A violation of G.L. c. 93A requires evidence of something more than a breach of contract, rising to the level of intentional bad faith, calculated and knowing deception, extortionate tactics, or other similarly egregious conduct. See Massachusetts Employers Ins. Exch. v. Propac-Mass., Inc., 420 Mass. 39, 42-43 (1995); Lumbermens Mut. Cas. Co. v. Y.C.N. Trans. Co., 46 Mass. App. Ct. 209, 215 (1999). Cambridge has not presented any evidence that Commerce engaged in any conduct that could meet those standards. Consequently, Commerce was entitled to summary judgment on all of the claims for violation of G.L. c. 93A. Kourouvacilis, supra; Duffy v. Commerce Ins. Co., 2009 Mass. App. Div. 196, 196-197.

Commerce has argued that it is entitled to summary judgment because Cambridge may not obtain recovery under G.L. c. 93A, § 11 for violation of G.L. c. 176D, § 3(9)(d) (failure to conduct reasonable, timely, and diligent investigation of claim). Jet Line Servs., Inc. v. American Employers Ins. Co., 404 Mass. 706, 717 n.11 (1989). Because we have ruled that the evidence Cambridge presented was insufficient to establish that Commerce failed to conduct a reasonable, timely, and diligent investigation, we do not reach or address the argument.

Judgment affirmed.


FOOTNOTES

[Note 1] Doing business as Cambridge Health Alliance.
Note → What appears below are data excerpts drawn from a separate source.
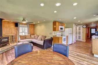 Must See charming 2-bedroom, 1-bath home on desirable North Shore Drive with modern comfort. Inside, enjoy a cozy kitchen with farmhouse sink, warm wood paneling, and beautiful barn doors throughout. Also enjoy shared 1/16 ownership to a lakefront lot with dock, ideal for days on the water, while soaking up sunshine from one of the most desirable sides of the motorized boat lake. The primary suite features French doors leading to a covered composite deck with 8-person hot tub and fire pit—perfect for relaxing year-round. Additional features include a 200-amp electrical panel, Metal roofing, a garage with project space and attic storage. No HOA! Near Community Center, top-rated Fire Dept and public boat launch. A true Lake Cavanaugh gem ready for weekend escapes or full-time living.
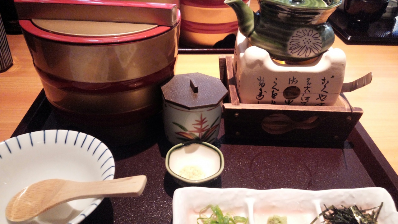 今年の旅行の目的が飛騨牛を堪能することでしたが、道中の高速のサービスエリア内に楽しめる処があることを知り、「かごの屋」さんを昼食場所として利用しました。昼食時間でしたので、40分ほど待って案内されましたが、店内はサービスエリア内に併設ですが、雰囲気もあります。頼んだメニューは、ひつまぶし膳(@2894円税込)です。うなぎのひつまぶし同様に、1そのまま、2プラスわさびをつけて、最後にプラスだし と3つの味を楽しみました。
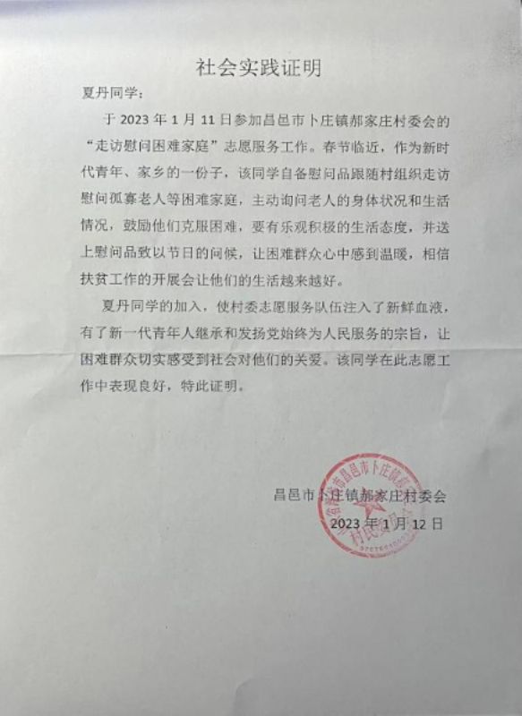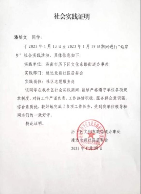 实践经历:完成社区宣传禁放禁燃烟花爆竹行动、发放禁燃宣传手册、清理社区卫生、协助整理社区居民资料等。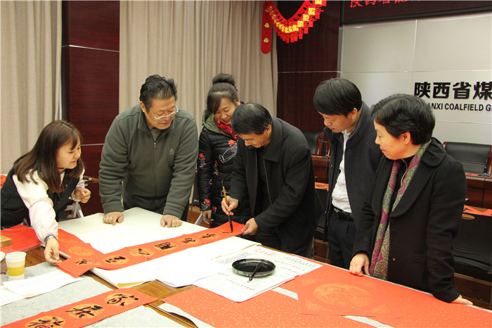 活动动邀请了国家一级美术师,陕西骊山书画院院长,国家电网西安供电局书画协会会长胡承海,陕西省职工文联书法协会理事、陕西省对外文化交流协会副会长,原铜川矿务局生产部长王泰昌以及陕煤地质工会主席杨敬敏等一同为大家泼墨送“福”。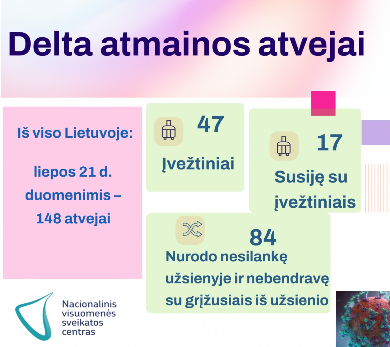 Nacionalinis visuomenės sveikatos centras (NVSC) informuoja, kad Lietuvoje iš viso registruoti 148 delta koronaviruso atmainos atvejai. Daugiausiai – po 44 atvejus – Vilniaus ir Klaipėdos apskrityse.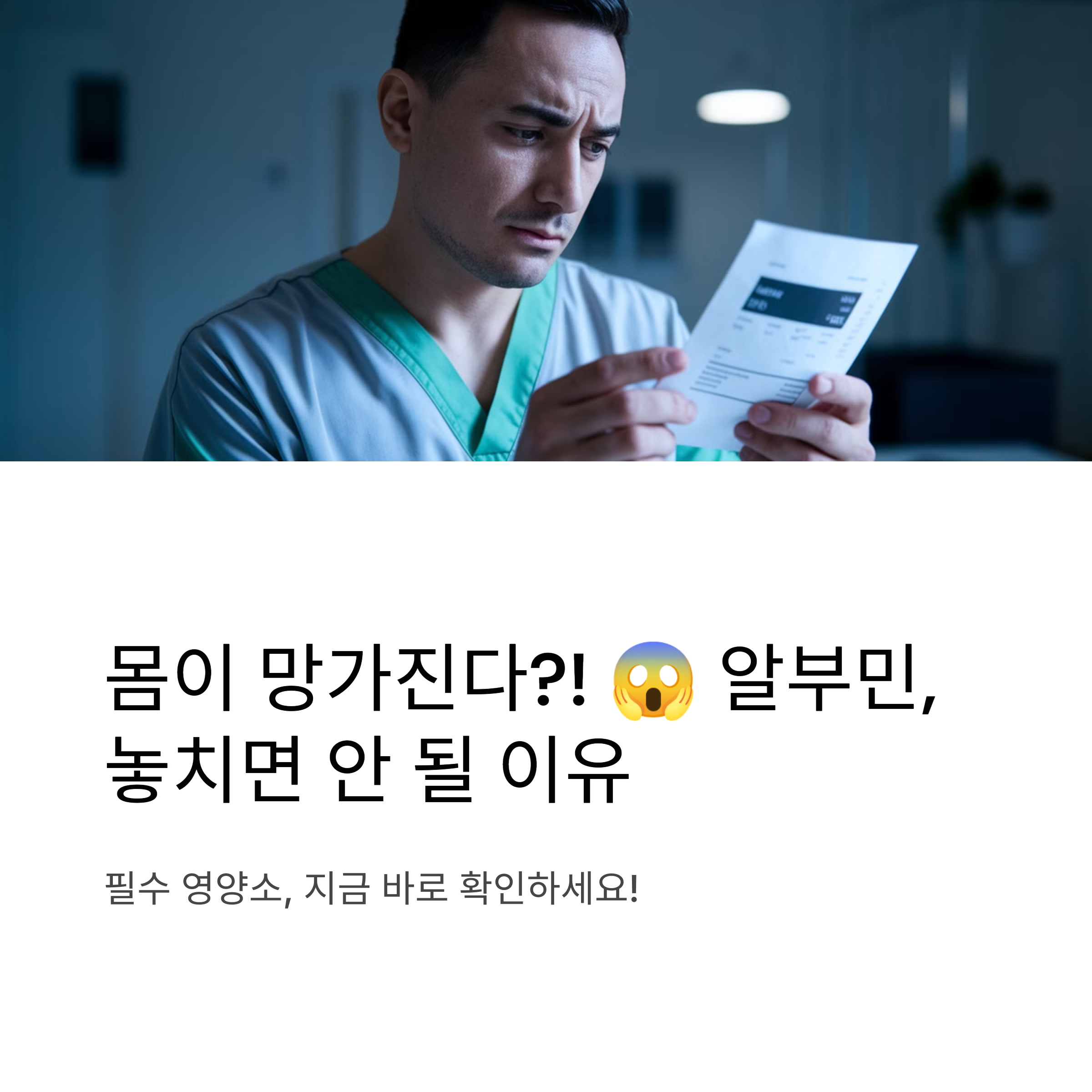 오늘부터라도 달걀, 닭가슴살, 콩류 등을 챙겨 먹으며 알부민 수치를 관리해 보세요. 작은 변화가 큰 건강 차이를 만듭니다.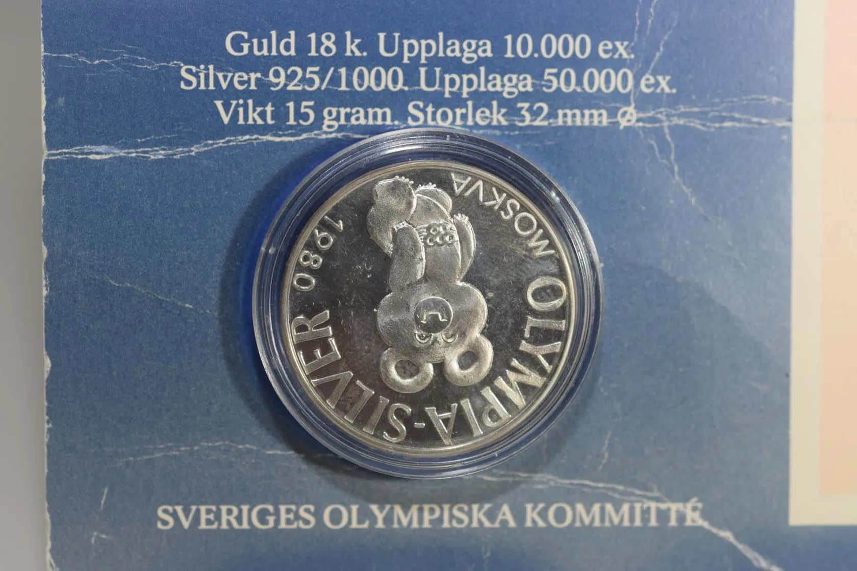 Olympia medaljen 80, världsupplaga 50.000, Motiv OS-maskoten Misja, silver 925/1000 Vikt: 15 g.

[Note 2] The record does not contain any affidavit from Alexander that he lived or was living in Puerto Rico when his examination under oath was sought or convened. There is only counsel's affidavit, which does not appear to be made on firsthand knowledge and makes no such assertion. Commerce did not seek to strike this affidavit. See Billings v. GTFM, LLC, 449 Mass. 281, 295 (2007), citing Shapiro Equip. Corp. v. Morris & Son Constr. Corp., 369 Mass. 968 (1976).

[Note 3] There may be circumstances where it would be unreasonable for an insurer to refuse to conduct an examination under oath remotely. However, whether an insurer's refusal to conduct an examination remotely is reasonable will need to be addressed on a case by case basis when there is evidence that a witness was or would actually be available for examination at a remote location.